L'ASSOCIATION BRUDED : UN BIORÉGIONALISME AFFIRMÉ

Le milieu rural revêt une multitude de caractéristiques et de dynamiques complexes qui lui sont propres et qui sont variables dans l’espace, dans le temps. Le caractère distinct des activités et des forces qui composent la campagne induisent des perceptions, modes d’occupation et d’appropriation du territoire qui ne fonctionnent pas selon les mêmes logiques qui opèrent en milieu urbain. Devant ce constat, et en raison des pressions de l’urbanisation qui pèsent de plus en plus lourdement sur le territoire rural,  des approches conceptuelles ont entrepris de se pencher plus sérieusement sur l’aménagement des campagnes. Ces approches  ont en commun de proposer des pistes pour la redéfinition d’un mode d’emploi pour une urbanisation cohérente des espaces ruraux. Cette question, souvent abordée, a été étayée par plusieurs approches dont le Conservation Design, le New Ruralism, le Landscape Urbanism et le Rural Design. Dans la présente étude de cas, seuls les concepts du New Ruralism et du Rural Design ont été utilisés comme cadre afin d’analyser l’éco-hameau de Langouët sous l’angle de l’aménagement durable. C’est deux concepts ont été choisi car ils semblent mieux rejoindre les principes que soutiennent les artisans des nouveaux aménagements durables au sein du noyau villageois de la commune de Langouët. Il est donc intéressant de vérifier la viabilité de ces concepts sur le terrain. 
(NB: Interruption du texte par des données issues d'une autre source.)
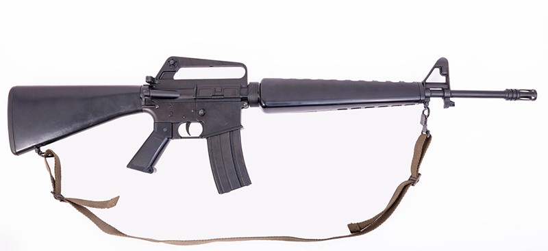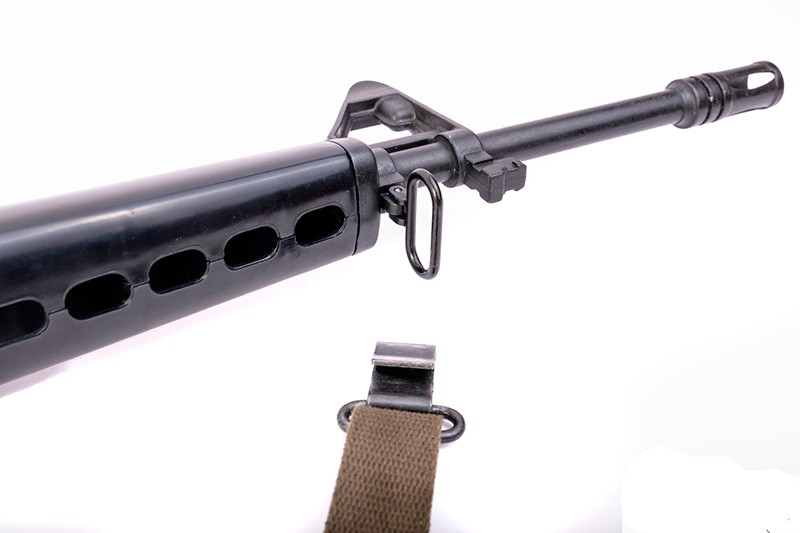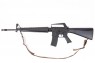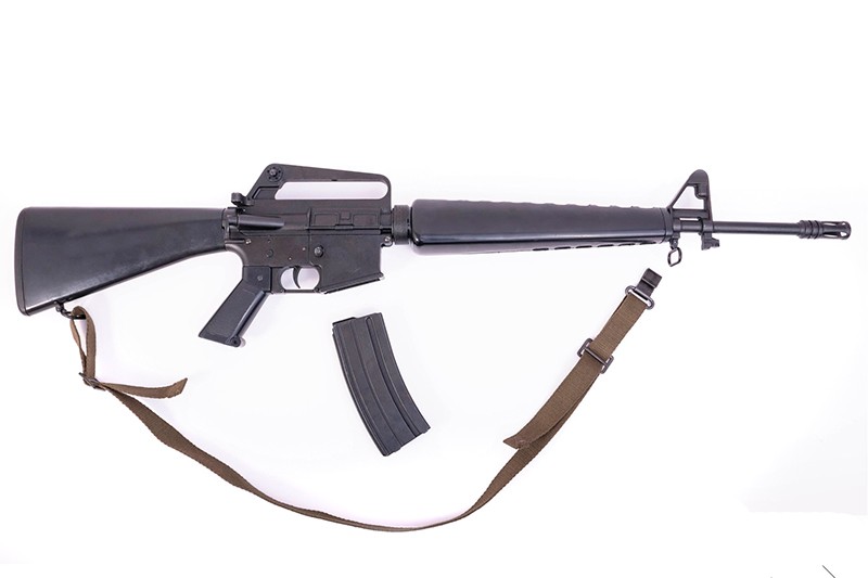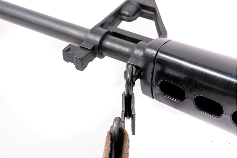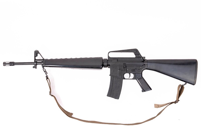 Репродукція штурмової гвинтівки, виготовлена з металу та пластику, з тканинним поясом, з імітованим механізмом заряджання та стрільби та зі знімним магазином.Штурмова гвинтівка M16 була розроблена Юджином Стоунером у 1950-х роках з оригінальною назвою AR-15. Виготовлена зі сталі, алюмінію та різних пластикових деталей, це автоматична штурмова гвинтівка з газовим і поворотним затвором, що приводиться в дію знімними обоймами на 20 і 30 патронів калібру 5,56 мм. Він стріляє зі швидкістю 800-900 пострілів в хвилину і ефективної дальністю стрільби 500 м.Вона була прийнята на озброєння армії Сполучених Штатів і використовувалася для операцій у в'єтнамській війні в 1963 році. У 1967 році після деяких модифікацій M16 була перейменована в M16A1, ставши стандартною гвинтівкою збройних сил США в 1969 році.Відбулася війна у В'єтнамі між 1955 і 1975 роками, щоб запобігти возз'єднанню В'єтнаму під комуністичним урядом. Республіка В'єтнам (Південний В'єтнам) брала участь за підтримки Сполучених Штатів та інших країн проти місцевих партизанів Національного фронту звільнення В'єтнаму (В'єтконг) і армії Демократичної Республіки В'єтнам (Північний В'єтнам) , підтриманий Китаєм і Радянським Союзом.З часів війни у В'єтнамі сімейство гвинтівок М16 було основною зброєю збройних сил США. M16 була широко озброєна арміями в усьому світі, і загальне виробництво гвинтівок M16 з початку її розробки становить приблизно 8 мільйонів одиниць, що є найбільш виробленою зброєю свого калібру.
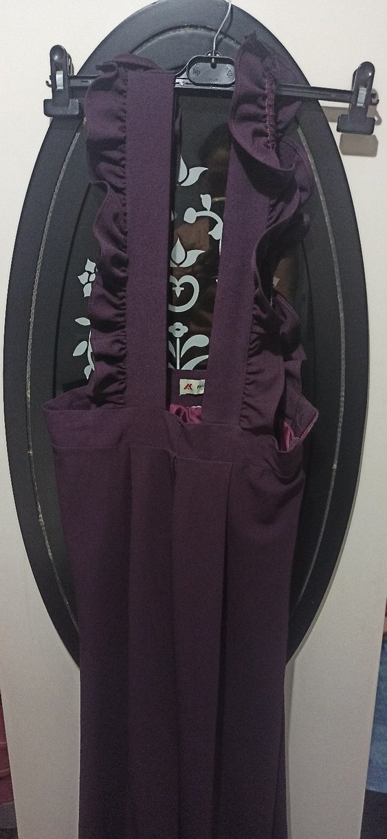 Mor Uzun Kollu Fırfırlı Tulum düğüm kombini abiye jile
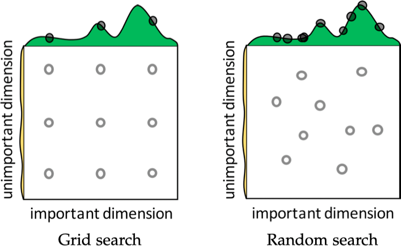 Random Search 的使用方法 Grid Search 基本一致,区别在于 Random Search 会在超参数的组合空间内随机采样搜索,其搜索能力取决于设定的抽样次数,最重要的是收敛更快 1。
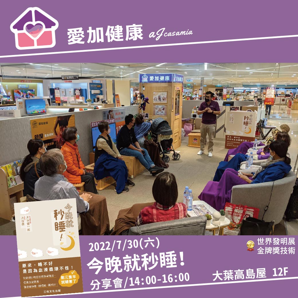 愛加健康將於7/30(六)舉辦好書分享,《今晚就秒睡》讓您健康帶著走、好康享更多。歡迎來電報名!
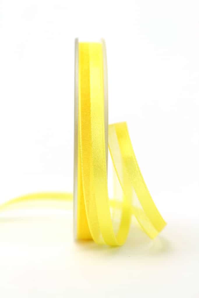 Decorative ribbon satin/organza, yellow, 10 mm wide, 25 m roll
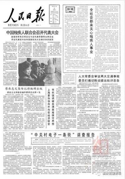一个是在1988年3月,《人民日报》的头版登了一个调查报告,这个报告是“中关村电子一条街调查报告”,这是当时中办牵头的一个中关村联合调查组的调查报告。这个报告写的非常好,大约有4个部分,它首先把中关村这里所产生的现象、它的所作所为详细进行了描述,是很激动人心的。
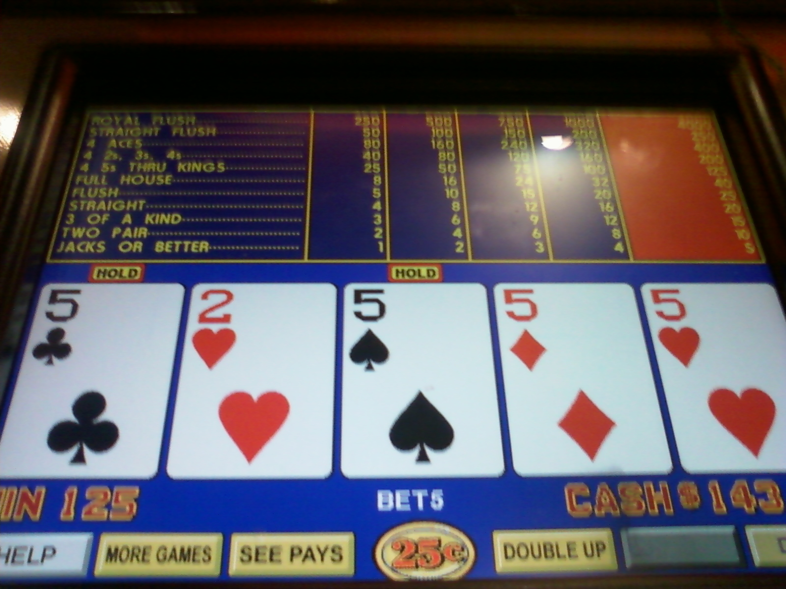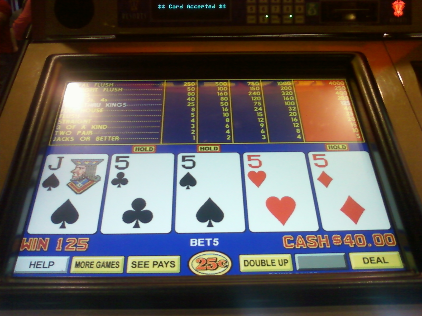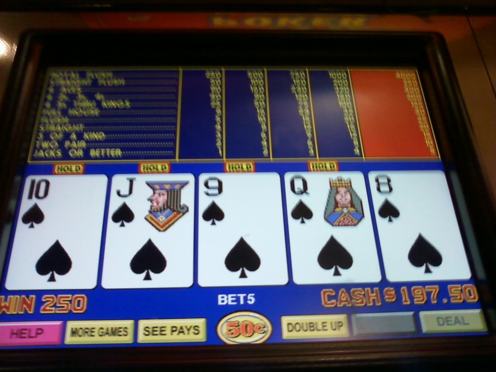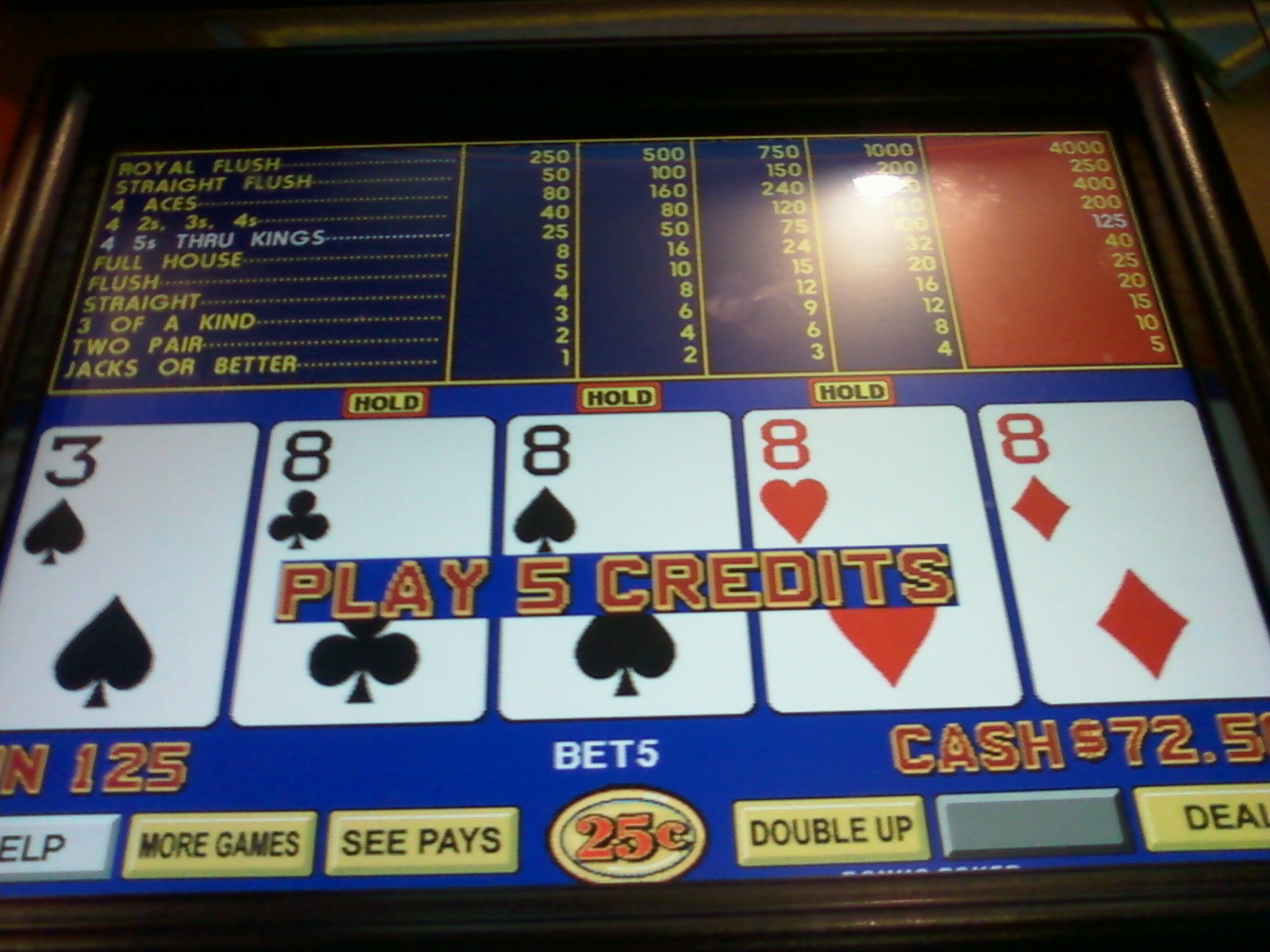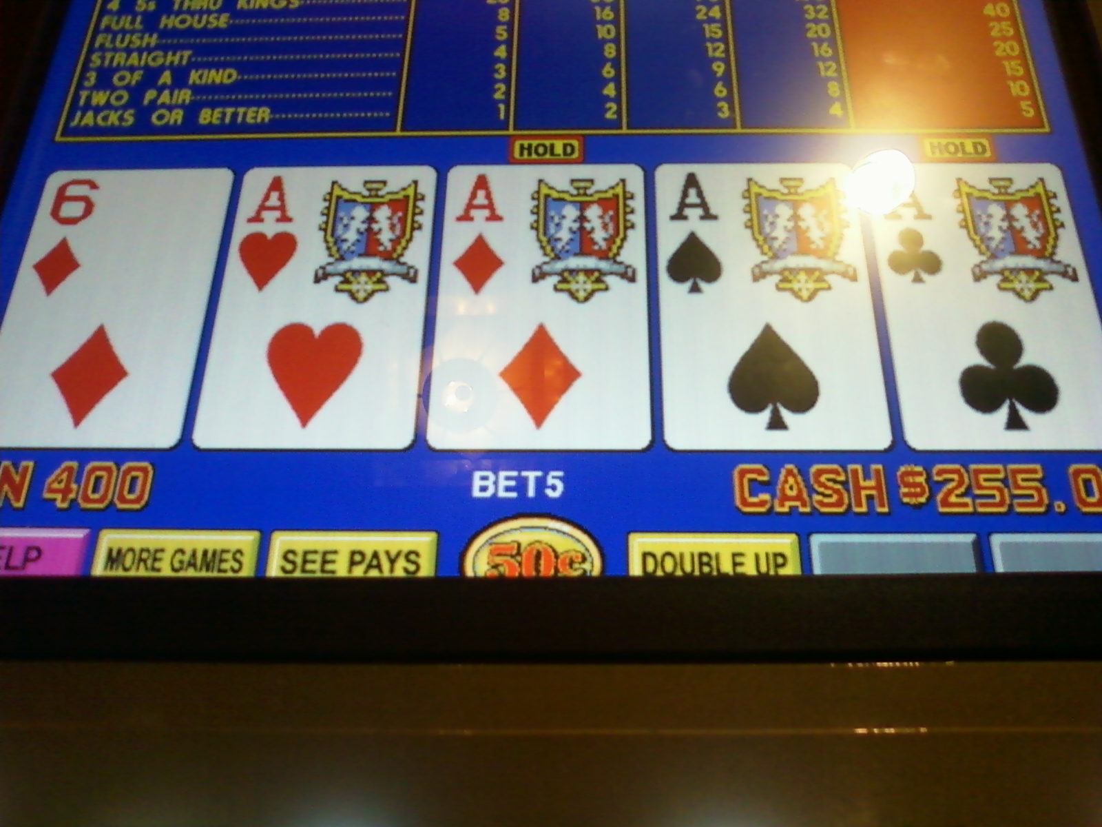 At this point I either had a epiphany or gas...not sure which, but I got up and walked over to Hollyrock Hills to the $1 VP machine back in the corner, and proceeded to insert coin. Things were going pretty well and then I drew this.
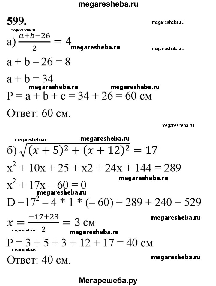 Гдз по геометрии 7-9 класс Атанасян, Бутузов ответ на номер № 599
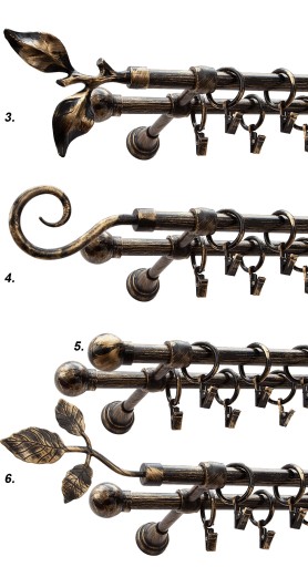 Tanie karnisze z kolekcji motyw kute wyglądem nie różnią się od karniszy metalowych. Karnisz wykonany jest ze stali pokrytej wysokiej jakości laminatem odpornym na zarysowania. Końcówki i wsporniki wykonane są z wysokogatunkowego tworzywa PCV.
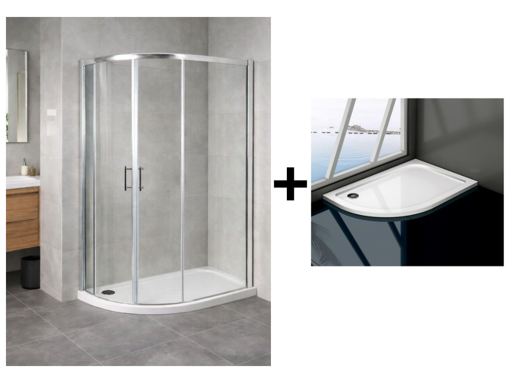 Sprchový asymetrický kout IBIZA II + vanička VENETS, 100, 80, Levé (SX), Čiré bezpečnostní sklo - 5 mm, Chrom/Leštěný hliník (ALU) + slevový kód

UN MILIEU DE VIE DE QUALITÉ

En Bretagne, Langouët fait partie des communes pionnières qui, en 2005, ont décidé de mutualiser leurs réflexions et leurs moyens au sein d’un réseau solidaire d’échanges d’expériences et de réalisations de développement durable : l’association Bretagne Rurale et rUrbaine pour un Développement Durable (Bruded). L’objectif est alors que les élus des différentes communes puissent échanger, se soutenir mutuellement et promouvoir une nouvelle démarche de « projet » axée sur la démocratie participative 

Cette vision régionale de l’aménagement est depuis longtemps établie en Bretagne : en 1983 un fonds d’aménagement urbain (FAUR) est mis sur place. Ce fond a pour but de promouvoir les projets de développement urbain à l’échelle supranationale. Depuis 2005, ce fond est devenu l’Éco-FAUR et favorise un développement en amont sur le territoire par le biais d’un financement spécifique afin de mettre en oeuvre des projets d’aménagement publics (espaces publics, bâtiments publics, quartiers nouveaux, réhabilitation ou densification de quartiers existants). Ce fond permet de faire évoluer les pratiques règlementaires, notamment dans le domaine de l’aménagement durable et de l’environnement (biodiversité, énergie, eau, etc.) à l’échelle de toute la région 

Cette organisation des communes et des villages dans le paysage rural que prônent les tenants du New Ruralism marque le territoire de la Bretagne qui s’organise en hameaux villageois de petite et moyenne taille. Langouët est un bon exemple de ce type d’organisation territoriale où le noyau du village se situe au centre des terres agricoles qui deviennent l’élément structurant du village. En effet, dans un souci de préserver le paysage agricole de la commune, le noyau villageois s’est urbanisé de manière consolidée et relativement compacte. Les nouveaux développements résidentiels qui s’y rattachent en ce moment suivent cette même logique de consolidation des zones urbanisées et intègrent les structures urbaines, paysagères et sociales du noyau villageois de la commune.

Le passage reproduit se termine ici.